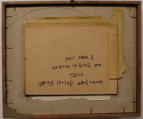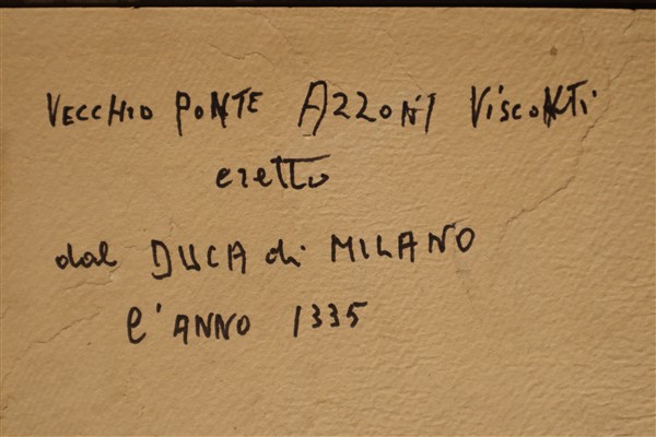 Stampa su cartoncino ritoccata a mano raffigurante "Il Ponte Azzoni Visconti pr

--

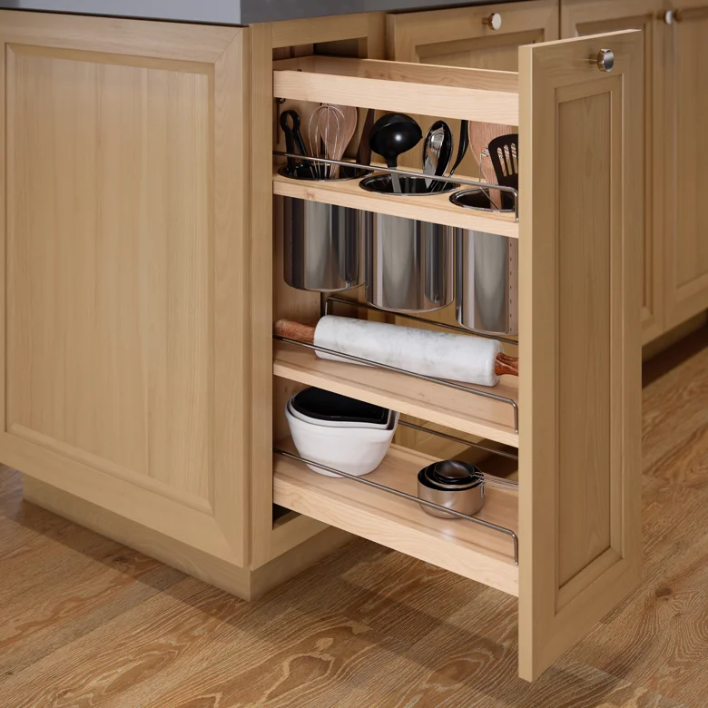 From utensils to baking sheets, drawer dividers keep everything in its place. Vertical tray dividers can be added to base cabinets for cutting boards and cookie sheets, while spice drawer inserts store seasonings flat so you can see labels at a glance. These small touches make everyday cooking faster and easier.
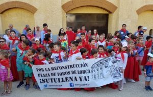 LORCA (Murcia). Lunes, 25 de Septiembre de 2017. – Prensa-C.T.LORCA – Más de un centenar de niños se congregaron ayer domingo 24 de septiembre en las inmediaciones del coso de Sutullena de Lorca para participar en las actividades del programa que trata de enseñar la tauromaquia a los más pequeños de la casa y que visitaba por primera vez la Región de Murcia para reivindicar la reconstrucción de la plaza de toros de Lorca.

__Aim of the exercise__: Return the lines above from the one with "From utensils to" through the one with "LORCA (Murcia). Lunes, 25", verbatim and nothing else. Omit every picture.

__Answer to this problem__:
 From utensils to baking sheets, drawer dividers keep everything in its place. Vertical tray dividers can be added to base cabinets for cutting boards and cookie sheets, while spice drawer inserts store seasonings flat so you can see labels at a glance. These small touches make everyday cooking faster and easier.
 LORCA (Murcia). Lunes, 25 de Septiembre de 2017. – Prensa-C.T.LORCA – Más de un centenar de niños se congregaron ayer domingo 24 de septiembre en las inmediaciones del coso de Sutullena de Lorca para participar en las actividades del programa que trata de enseñar la tauromaquia a los más pequeños de la casa y que visitaba por primera vez la Región de Murcia para reivindicar la reconstrucción de la plaza de toros de Lorca.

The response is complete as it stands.